И тогда вдруг Кристофер Робин начал рассказывать Пуху о разных вещах: о людях, которых называли Королями и Королевами, и о других людях, которых называли Ремесленниками, о месте, которое называлось Европой, и острове посреди моря, куда не ходят корабли, и как сделать Водяной Насос (если ты хочешь его сделать), и как Рыцарей Возводили в Рыцарское Достоинство, и что привозят из Бразилии, а Пух, прислонившись спиной к одной из шестьдесят-скольких-то сосен[95], сложив лапы перед собой, говорил «О! », «А я и не знал» и думал, как замечательно иметь Настоящие Мозги, которые могли бы рассказать тебе о вещах, и мало-помалу Кристофер Робин пришел к концу вещей и замолчал и сидел, глядя на мир, и хотел бы только одного – чтобы это никогда не кончалось. Но Пух тоже думал о вещах и вдруг говорит Кристоферу Робину: «Наверно, Великая Вещь быть Мытарем, или как ты их назвал? » «Что? », лениво говорит Кристофер Робин, так, как будто он услышал что-то другое. «На лошадях! », объяснил Пух. «Рыцарь». «О, вот это кто. Я думал, это был Мытарь. А он так же Велик, как Король и Ремесленник и все другие, про которых ты говорил? » «Ладно, он не так велик, как Король», говорит Кристофер Робин и затем, увидев, что Пух как будто расстроился, быстро добавил: «Но гораздо более Велик, чем Ремесленник». «А Медведь может быть им? » «Конечно, может», говорит Кристофер Робин. «Я тебя произведу». Он взял палку и ударил Пуха по плечу и сказал: «Встань, сэр Пух де Бэр, самый доблестный из моих рыцарей». Итак, Пух встал и сказал «Спасибо», что обыкновенно и делают, когда становятся Рыцарями, и опять погрузился в мечтания, в которых он и сэр Памп и сэр Брэйзил и Ремесленники жили вместе с лошадью и были доблестные рыцари (все, кроме ремесленников, которые смотрели за лошадью) Славного Короля Кристофера Робина… Он без конца клевал носом и говорил сам с собой: «Я еще не понял всего до конца». Потом он вдруг стал думать обо всем, что хотел бы рассказать ему Кристофер Робин, когда он вернется откуда-то, куда он собирается, и какая неразбериха начнется у Медведя с Очень Низким I. Q., когда он попытается это понять. «Итак, возможно, что Кристофер Робин не расскажет мне больше ничего», подумал он печально. Затем вдруг Кристофер Робин, который все еще смотрел на мир сквозь сплетенные кисти рук, снова позвал Пуха. «Да? », говорит Пух. «Когда – я – когда – Пух! » «Да, Кристофер Робин? »

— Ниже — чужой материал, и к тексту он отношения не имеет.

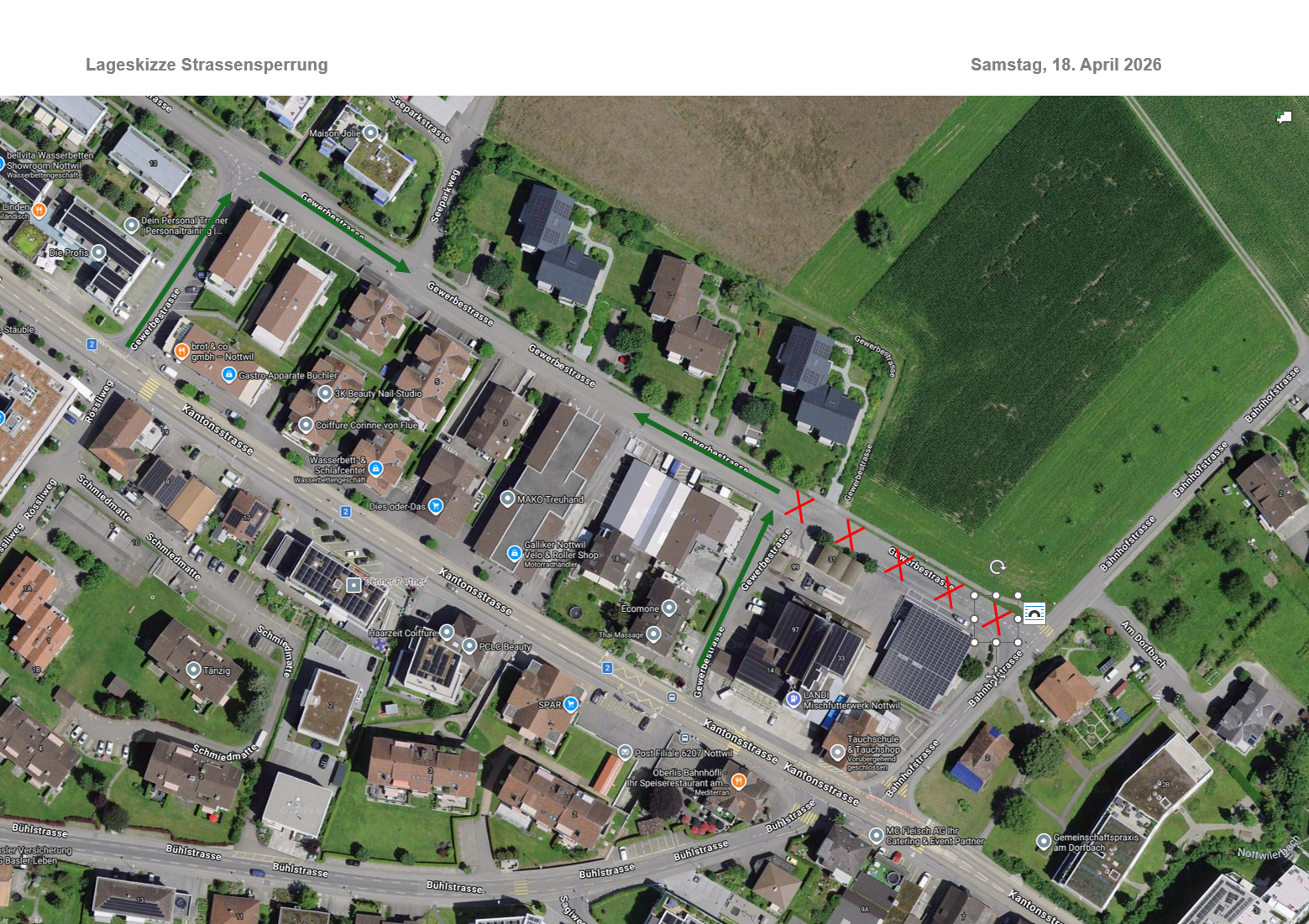 Am Samstag, 18. April 2026 findet im Landi Areal, Sammelstelle und Gewerbestrasse die Viehschau der Braunviehzuchtgenossenschaft statt. An diesem Samstag muss deshalb die Sammelstelle geschlossen bleiben. Von 08:00 bis 17:00 Uhr am 18. April 2026 ist auch die Gewerbestrasse auf dem Abschnitt ab Bahnhofstrasse bis zur Tankstelle gesperrt. Eine Umleitung wird entsprechend signalisiert.

«Я не собираюсь больше заниматься Ничем! » «Больше никогда? » «Ладно, может быть, гораздо меньше. Они мне не разрешают». [96] Пух подождал, не скажет ли он чего-нибудь еще. Но он снова замолчал. «Да, Кристофер Робин», сказал Пух с надеждой. «Пух, когда я – ты понимаешь – когда я не буду заниматься Ничем, ты будешь иногда приходить? » «Только я? » «Да, Пух! » «Ты тоже будешь здесь? » «Да, Пух, на самом деле я буду. Я обещаю, что буду, Пух». «Это хорошо», сказал Пух. «Пух, обещай, что не забудешь меня никогда. Даже если мне будет сто лет». Пух немного подумал. «А сколько будет тогда мне? » «Девяносто девять». Пух кивнул. «Обещаю», говорит. Все еще с глазами, обращенными в мир, Кристофер Робин опустил руку и почувствовал лапу Пуха. «Пух», сказал Кристофер Робин серьезно, «если я – если я не вполне…», он остановился и попробовал снова, «Пух, что бы ни случилось, ты поймешь, правда? » «Что пойму? » «О, ничего». Он засмеялся и вскочил на ноги. «Пошли». «Куда? », сказал Пух. «Куда угодно», говорит Кристофер Робин. Итак, они пошли. Но куда бы они ни шли и что бы ни случилось с ними по дороге, маленький мальчик со своим Медведем всегда будут играть в этом Зачарованном Месте на вершине Леса. [97]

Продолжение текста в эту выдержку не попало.